• The task:
Exact copies of all the lines below are wanted, without a single picture.

• Exercise data:
Start of Block

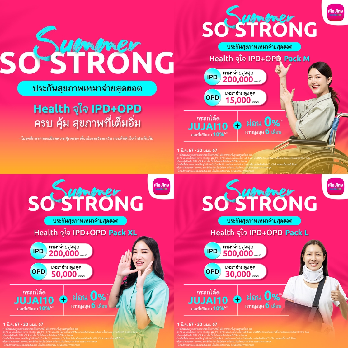 เมืองไทยประกันชีวิต ส่งประกันสุขภาพเหมาจ่ายสุดฮอต “Health จุใจ IPD+OPD” จัดแคมเปญ Summer So Strong ช่วยเพิ่มความอุ่นใจ หายห่วงเรื่องค่ารักษา พร้อมสิทธิพิเศษสุดคุ้มถึง 2 ต่อ เพียงกรอกโค้ด “JUJAI10” และเลือกผ่อนได้ 0% นานสูงสุดถึง 6 เดือน พร้อมรับความสุขและความอุ่นใจได้แล้วตั้งแต่ 1 มีนาคม - 30 เมษายน 2567
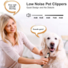 Ultra Quiet & Low Vibration Design: The dog clipper’s noise when working is less than 50 db. Low noise won’t make your dog scared and you’ll be able to trim its coat with ease and much faster!
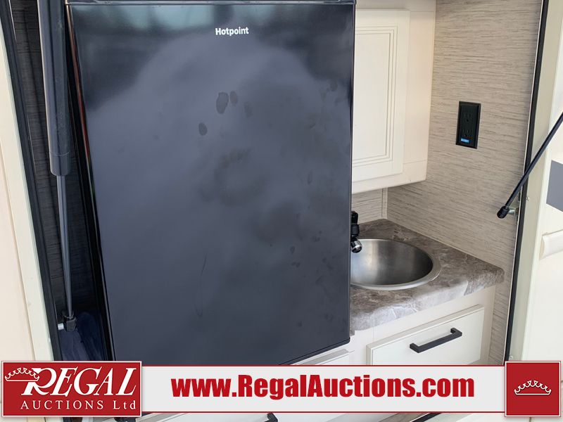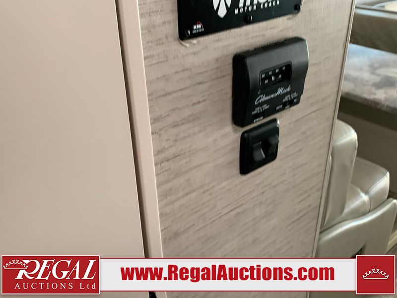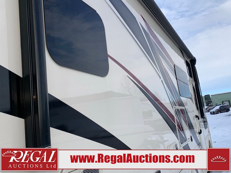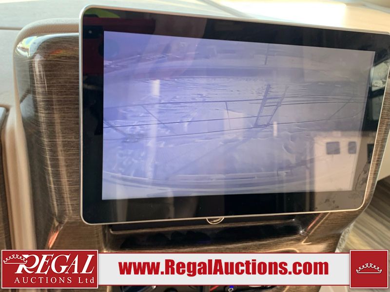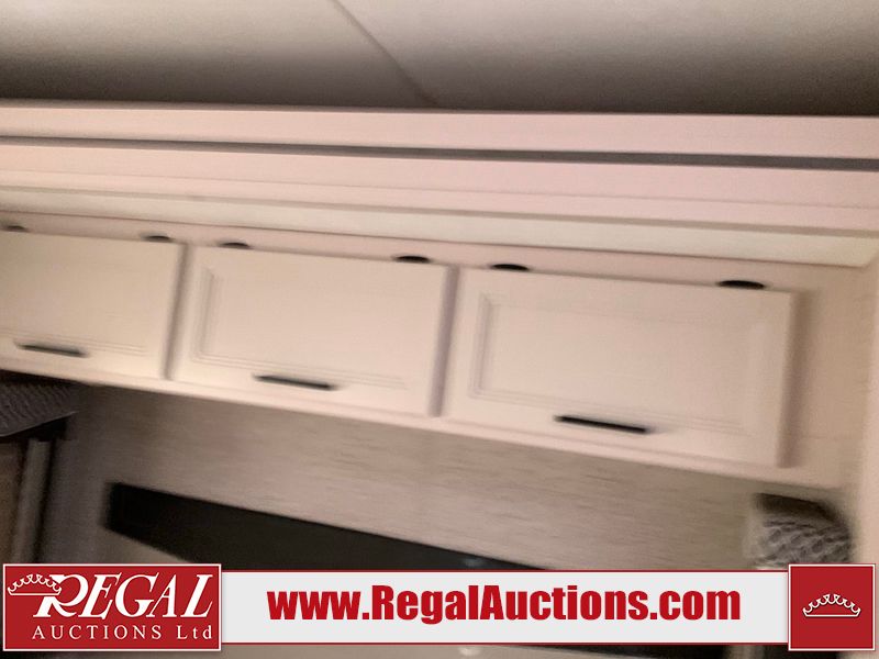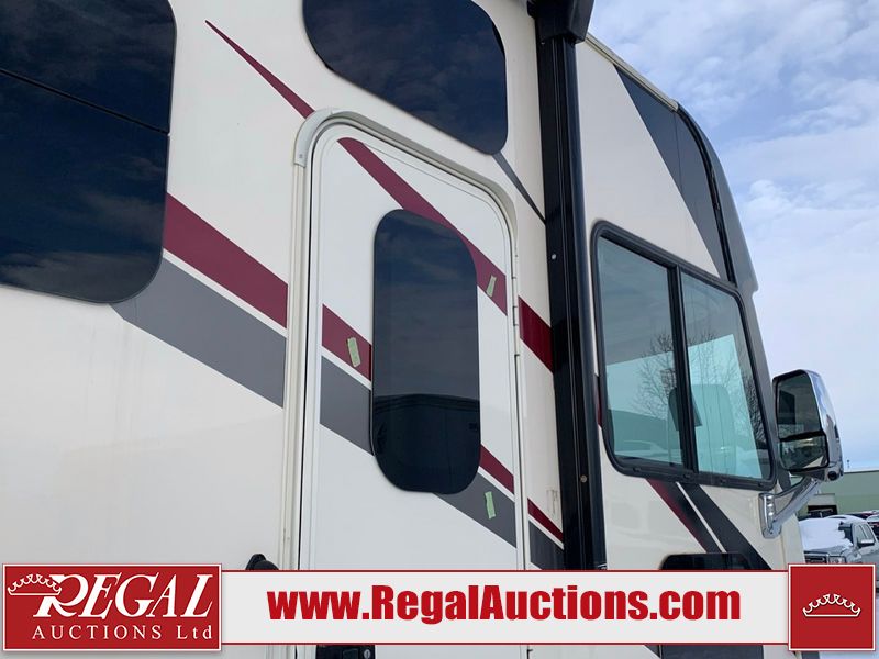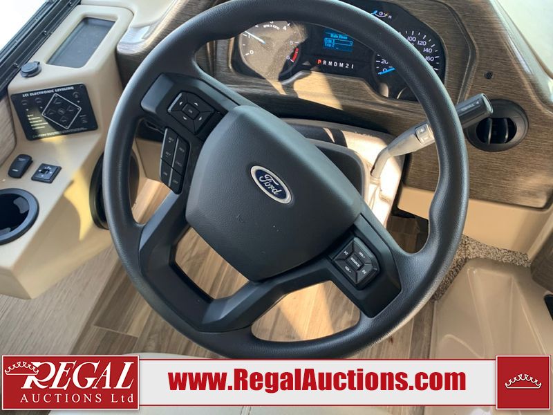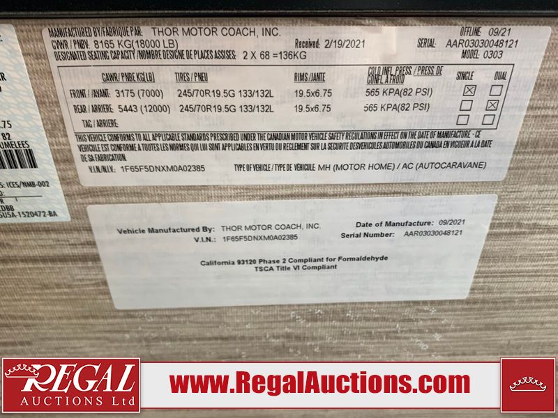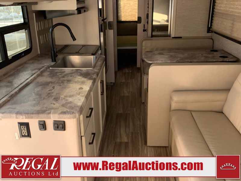 This Class C motorhome is a 2022 Thor Motorcoach Ace 30.3 coach on a Ford Chassis. The odometer reads 9760. This unit is cooked with a single entry door, roof air and two slide outs, accommodating, the master bedroom and the living area/kitchen. The exit door gas shock is not attached. The floor is dirty. The front end has chips. There are scratches on the right side wall. The engine starts and runs without a boost. This unit is powered by a 7.3l litre eight cylinder engine and an automatic transmission. Steel rims are mounted, the tires have plenty of tread remaining. The generator has 40 hours. This unit is equipped with an Onan QG 5500 generator. The layout consist a living area/kitchen at the front and a master bedroom at the rear. The unit is equipped with air conditioning, burner, stove, top, oven, microwave, refrigerator, stereo system, and two flatscreen televisions. It also has an exterior kitchen with a sink and mini refrigerator.
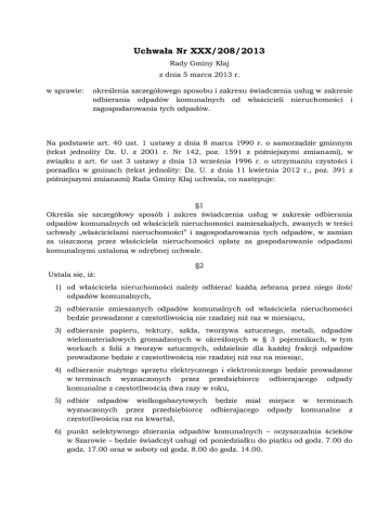 Uchwała Nr XXX/208/2013 Rady Gminy Kłaj z dnia 5 marca 2013 r. w sprawie: określenia szczegółowego sposobu i zakresu świadczenia usług w zakresie odbierania odpadów komunalnych od właścicieli nieruchomości i zagospodarowania tych odpadów. Na podstawie art. 40 ust. 1 ustawy z dnia 8 marca 1990 r. o samorządzie gminnym (tekst jednolity Dz. U. z 2001 r. Nr 142, poz. 1591 z późniejszymi zmianami), w związku z art. 6r ust 3 ustawy z dnia 13 września 1996 r. o utrzymaniu czystości i porządku w gminach (tekst jednolity: Dz. U. z dnia 11 kwietnia 2012 r., poz. 391 z późniejszymi zmianami) Rada Gminy Kłaj uchwala, co następuje: §1 Określa się szczegółowy sposób i zakres świadczenia usług w zakresie odbierania odpadów komunalnych od właścicieli nieruchomości zamieszkałych, zwanych w treści uchwały „właścicielami nieruchomości” i zagospodarowania tych odpadów, w zamian za uiszczoną przez właściciela nieruchomości opłatę za gospodarowanie odpadami komunalnymi ustaloną w odrębnej uchwale. §2 Ustala się, iż: 1) od właściciela nieruchomości należy odbierać każdą zebraną przez niego ilość odpadów komunalnych, 2) odbieranie zmieszanych odpadów komunalnych od właściciela nieruchomości będzie prowadzone z częstotliwością nie rzadziej niż raz w miesiącu, 3) odbieranie papieru, tektury, szkła, tworzywa sztucznego, metali, odpadów wielomateriałowych gromadzonych w określonych w § 3 pojemnikach, w tym workach z folii z tworzyw sztucznych, oddzielnie dla każdej frakcji odpadów prowadzone będzie z częstotliwością nie rzadziej niż raz na miesiąc, 4) odbieranie zużytego sprzętu elektrycznego i elektronicznego będzie prowadzone w terminach wyznaczonych przez przedsiębiorcę odbierającego odpady komunalne z częstotliwością dwa razy w roku, 5) odbiór odpadów wielkogabarytowych będzie miał miejsce w terminach wyznaczonych przez przedsiębiorcę odbierającego odpady komunalne z częstotliwością raz na kwartał, 6) punkt selektywnego zbierania odpadów komunalnych – oczyszczalnia ścieków w Szarowie – będzie świadczył usługi od poniedziałku do piątku od godz. 7.00 do godz. 17.00 oraz w soboty od godz. 8.00 do godz. 14.00. §3 Gmina organizuje odbiór wszystkich odpadów komunalnych powstałych u właścicieli nieruchomości z następujących pojemników: 1) o pojemności 0,12 m3, 0,24 m3, 1,1 m3 - odpady zmieszane; 2) pojemniki, w tym worki z folii z tworzyw sztucznych o pojemności od 60 do 120 l, oznaczone odpowiednimi kolorami w stosunku do każdego rodzaju odpadu zbieranego selektywnie z przeznaczeniem na: a) papier i makulaturę; b) tworzywa sztuczne, metal i odpady wielomateriałowe; c) szkło; §4 1. Segregacji przez właściciela nieruchomości podlegają następujące frakcje odpadów: papier, tektura, szkło, tworzywo sztuczne, metal, odpady wielomateriałowe oraz odpady ulegające biodegradacji, w tym odpady zielone. 2. Dopuszcza się przekazywanie pozostałych frakcji odpadów tj. chemikalia, zużyty sprzęt elektryczny i elektroniczny, meble i inne odpady wielkogabarytowe, odpady budowlane i rozbiórkowe oraz zużyte opony powstałe w gospodarstwie domowym do punktu selektywnej zbiórki wskazanego przez przedsiębiorcę odbierającego odpady. 3. Przeterminowane leki należy przekazywać do punktów zbiórki zlokalizowanych na terenie aptek i placówek służby zdrowia. 4. Zużyte baterie i akumulatory inne niż przemysłowe i samochodowe należy przekazywać do punktów zbiórki zlokalizowanych na terenie gminy. §5 Wykonanie uchwały powierza się Wójtowi Gminy Kłaj. §6 Uchwała wchodzi w życie po upływie 14 dni od dnia ogłoszenia w Dzienniku Urzędowym Województwa Małopolskiego, z mocą obowiązującą od 1 lipca 2013 r. Przewodniczący Rady Gminy Kłaj ………………………….…………… Lucyna Buczek

End of Block

• Result of this exercise:
 เมืองไทยประกันชีวิต ส่งประกันสุขภาพเหมาจ่ายสุดฮอต “Health จุใจ IPD+OPD” จัดแคมเปญ Summer So Strong ช่วยเพิ่มความอุ่นใจ หายห่วงเรื่องค่ารักษา พร้อมสิทธิพิเศษสุดคุ้มถึง 2 ต่อ เพียงกรอกโค้ด “JUJAI10” และเลือกผ่อนได้ 0% นานสูงสุดถึง 6 เดือน พร้อมรับความสุขและความอุ่นใจได้แล้วตั้งแต่ 1 มีนาคม - 30 เมษายน 2567
 Ultra Quiet & Low Vibration Design: The dog clipper’s noise when working is less than 50 db. Low noise won’t make your dog scared and you’ll be able to trim its coat with ease and much faster!
 This Class C motorhome is a 2022 Thor Motorcoach Ace 30.3 coach on a Ford Chassis. The odometer reads 9760. This unit is cooked with a single entry door, roof air and two slide outs, accommodating, the master bedroom and the living area/kitchen. The exit door gas shock is not attached. The floor is dirty. The front end has chips. There are scratches on the right side wall. The engine starts and runs without a boost. This unit is powered by a 7.3l litre eight cylinder engine and an automatic transmission. Steel rims are mounted, the tires have plenty of tread remaining. The generator has 40 hours. This unit is equipped with an Onan QG 5500 generator. The layout consist a living area/kitchen at the front and a master bedroom at the rear. The unit is equipped with air conditioning, burner, stove, top, oven, microwave, refrigerator, stereo system, and two flatscreen televisions. It also has an exterior kitchen with a sink and mini refrigerator.
 Uchwała Nr XXX/208/2013 Rady Gminy Kłaj z dnia 5 marca 2013 r. w sprawie: określenia szczegółowego sposobu i zakresu świadczenia usług w zakresie odbierania odpadów komunalnych od właścicieli nieruchomości i zagospodarowania tych odpadów. Na podstawie art. 40 ust. 1 ustawy z dnia 8 marca 1990 r. o samorządzie gminnym (tekst jednolity Dz. U. z 2001 r. Nr 142, poz. 1591 z późniejszymi zmianami), w związku z art. 6r ust 3 ustawy z dnia 13 września 1996 r. o utrzymaniu czystości i porządku w gminach (tekst jednolity: Dz. U. z dnia 11 kwietnia 2012 r., poz. 391 z późniejszymi zmianami) Rada Gminy Kłaj uchwala, co następuje: §1 Określa się szczegółowy sposób i zakres świadczenia usług w zakresie odbierania odpadów komunalnych od właścicieli nieruchomości zamieszkałych, zwanych w treści uchwały „właścicielami nieruchomości” i zagospodarowania tych odpadów, w zamian za uiszczoną przez właściciela nieruchomości opłatę za gospodarowanie odpadami komunalnymi ustaloną w odrębnej uchwale. §2 Ustala się, iż: 1) od właściciela nieruchomości należy odbierać każdą zebraną przez niego ilość odpadów komunalnych, 2) odbieranie zmieszanych odpadów komunalnych od właściciela nieruchomości będzie prowadzone z częstotliwością nie rzadziej niż raz w miesiącu, 3) odbieranie papieru, tektury, szkła, tworzywa sztucznego, metali, odpadów wielomateriałowych gromadzonych w określonych w § 3 pojemnikach, w tym workach z folii z tworzyw sztucznych, oddzielnie dla każdej frakcji odpadów prowadzone będzie z częstotliwością nie rzadziej niż raz na miesiąc, 4) odbieranie zużytego sprzętu elektrycznego i elektronicznego będzie prowadzone w terminach wyznaczonych przez przedsiębiorcę odbierającego odpady komunalne z częstotliwością dwa razy w roku, 5) odbiór odpadów wielkogabarytowych będzie miał miejsce w terminach wyznaczonych przez przedsiębiorcę odbierającego odpady komunalne z częstotliwością raz na kwartał, 6) punkt selektywnego zbierania odpadów komunalnych – oczyszczalnia ścieków w Szarowie – będzie świadczył usługi od poniedziałku do piątku od godz. 7.00 do godz. 17.00 oraz w soboty od godz. 8.00 do godz. 14.00. §3 Gmina organizuje odbiór wszystkich odpadów komunalnych powstałych u właścicieli nieruchomości z następujących pojemników: 1) o pojemności 0,12 m3, 0,24 m3, 1,1 m3 - odpady zmieszane; 2) pojemniki, w tym worki z folii z tworzyw sztucznych o pojemności od 60 do 120 l, oznaczone odpowiednimi kolorami w stosunku do każdego rodzaju odpadu zbieranego selektywnie z przeznaczeniem na: a) papier i makulaturę; b) tworzywa sztuczne, metal i odpady wielomateriałowe; c) szkło; §4 1. Segregacji przez właściciela nieruchomości podlegają następujące frakcje odpadów: papier, tektura, szkło, tworzywo sztuczne, metal, odpady wielomateriałowe oraz odpady ulegające biodegradacji, w tym odpady zielone. 2. Dopuszcza się przekazywanie pozostałych frakcji odpadów tj. chemikalia, zużyty sprzęt elektryczny i elektroniczny, meble i inne odpady wielkogabarytowe, odpady budowlane i rozbiórkowe oraz zużyte opony powstałe w gospodarstwie domowym do punktu selektywnej zbiórki wskazanego przez przedsiębiorcę odbierającego odpady. 3. Przeterminowane leki należy przekazywać do punktów zbiórki zlokalizowanych na terenie aptek i placówek służby zdrowia. 4. Zużyte baterie i akumulatory inne niż przemysłowe i samochodowe należy przekazywać do punktów zbiórki zlokalizowanych na terenie gminy. §5 Wykonanie uchwały powierza się Wójtowi Gminy Kłaj. §6 Uchwała wchodzi w życie po upływie 14 dni od dnia ogłoszenia w Dzienniku Urzędowym Województwa Małopolskiego, z mocą obowiązującą od 1 lipca 2013 r. Przewodniczący Rady Gminy Kłaj ………………………….…………… Lucyna Buczek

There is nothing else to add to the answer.